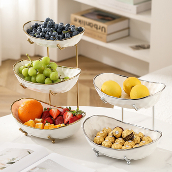 Yaratıcı lüks stil Metal seramik kek tatlı tabağı dekoratif porsiyon kaseler aperatif servis tabağı meyve sebze tepsisi
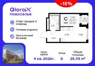 Продается квартира-студия на 8-м этаже в строящемся проекте комфорт-класса GloraX Новоселье. Общая площадь лота составляет 25,95 кв. м, из которых 11,88 кв. м отведено под жилую и 5,34 кв. м под кухонную зону. Номер квартиры - 109
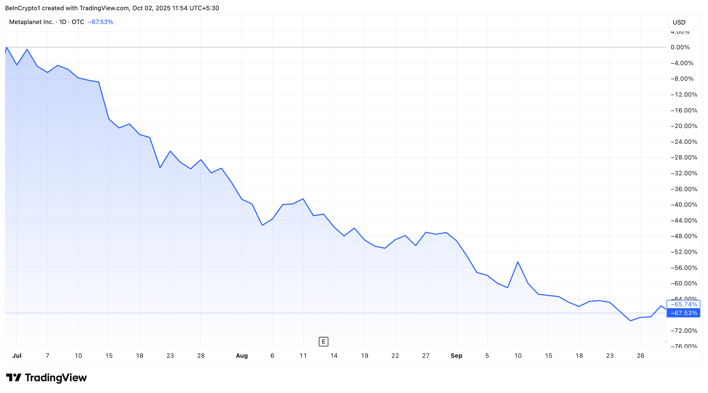 I kontrast viste Coinglass data at Bitcoin selv avsluttet Q3 med en gevinst på 6,31 %. Det kraftige salget understreker utfordringen Metaplanet står overfor med å tilpasse sine operasjonelle prestasjoner med investorens tillit, selv om det befester sin rolle som en av verdens største bedrifts Bitcoin-innehavere.
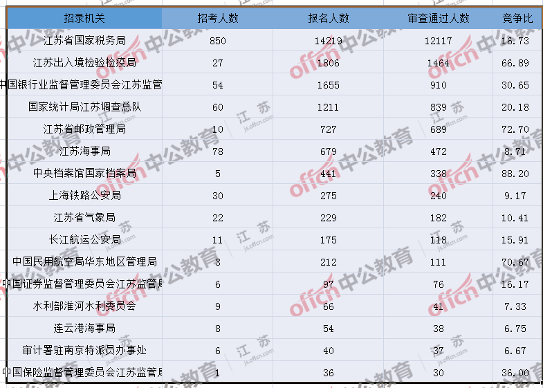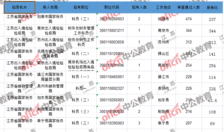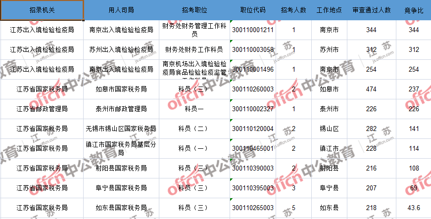 報(bào)名通過審核人數(shù)前十的職位主要集中在江蘇出入境檢驗(yàn)檢疫局、江蘇省郵政管理局、江蘇省國家稅務(wù)局等部門,具體信息如下:
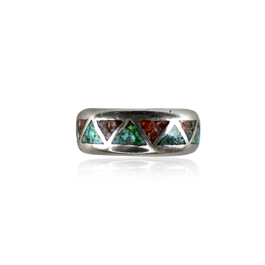 Vintage Turquoise and Coral Trianglular Chip Inlay Ring
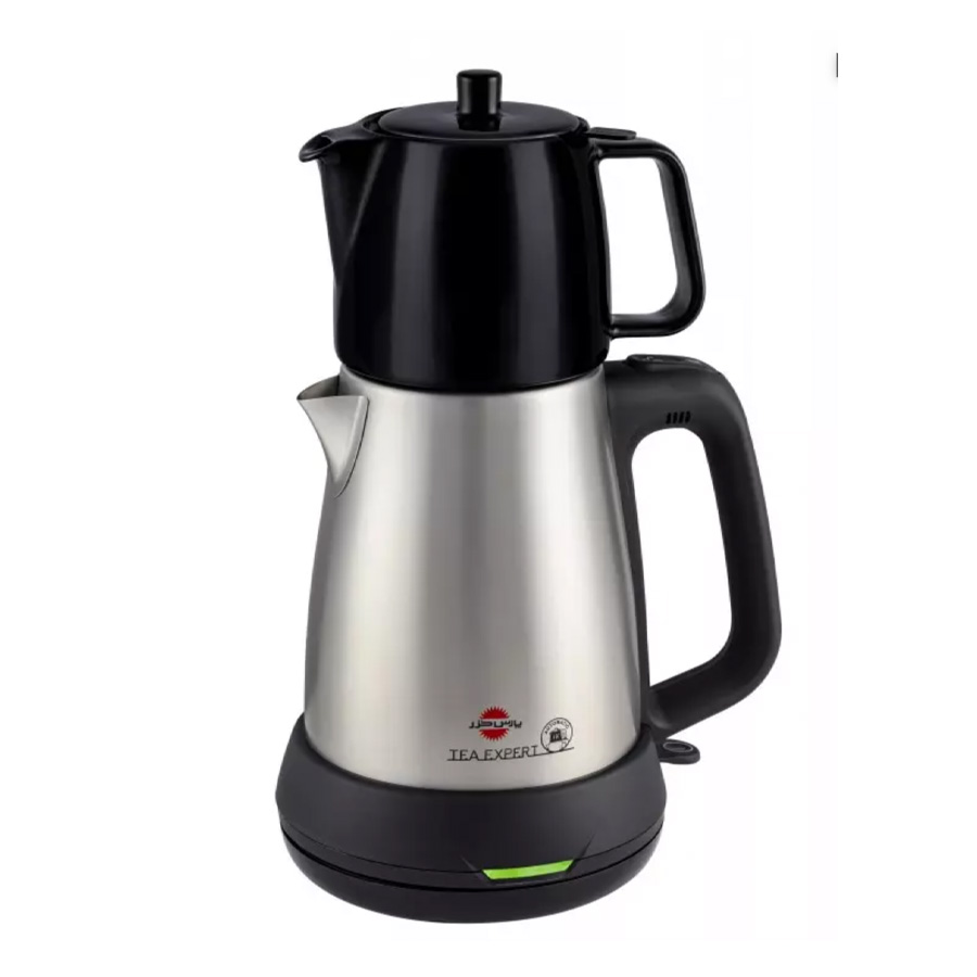 چای ساز پارس خزر 2200 وات، استيل،مشكي، ظرفيت كتري 1.7 ليتر، ظرفيت قوري0.7 ليتر، جوش آوردن آب كمتر 4 دقيقه، داراي المنت مخفي و قطع كن اتوماتيك، مجهز به قطعات الكتريكي مرغوب با برند Strix انگليس
########
What you will do => The full listing above, duplicated exactly and without its pictures, is the answer.

Solution to this exercise =>
 Yaratıcı lüks stil Metal seramik kek tatlı tabağı dekoratif porsiyon kaseler aperatif servis tabağı meyve sebze tepsisi
 Продается квартира-студия на 8-м этаже в строящемся проекте комфорт-класса GloraX Новоселье. Общая площадь лота составляет 25,95 кв. м, из которых 11,88 кв. м отведено под жилую и 5,34 кв. м под кухонную зону. Номер квартиры - 109
 I kontrast viste Coinglass data at Bitcoin selv avsluttet Q3 med en gevinst på 6,31 %. Det kraftige salget understreker utfordringen Metaplanet står overfor med å tilpasse sine operasjonelle prestasjoner med investorens tillit, selv om det befester sin rolle som en av verdens største bedrifts Bitcoin-innehavere.
 報(bào)名通過審核人數(shù)前十的職位主要集中在江蘇出入境檢驗(yàn)檢疫局、江蘇省郵政管理局、江蘇省國家稅務(wù)局等部門,具體信息如下:
 Vintage Turquoise and Coral Trianglular Chip Inlay Ring
 چای ساز پارس خزر 2200 وات، استيل،مشكي، ظرفيت كتري 1.7 ليتر، ظرفيت قوري0.7 ليتر، جوش آوردن آب كمتر 4 دقيقه، داراي المنت مخفي و قطع كن اتوماتيك، مجهز به قطعات الكتريكي مرغوب با برند Strix انگليس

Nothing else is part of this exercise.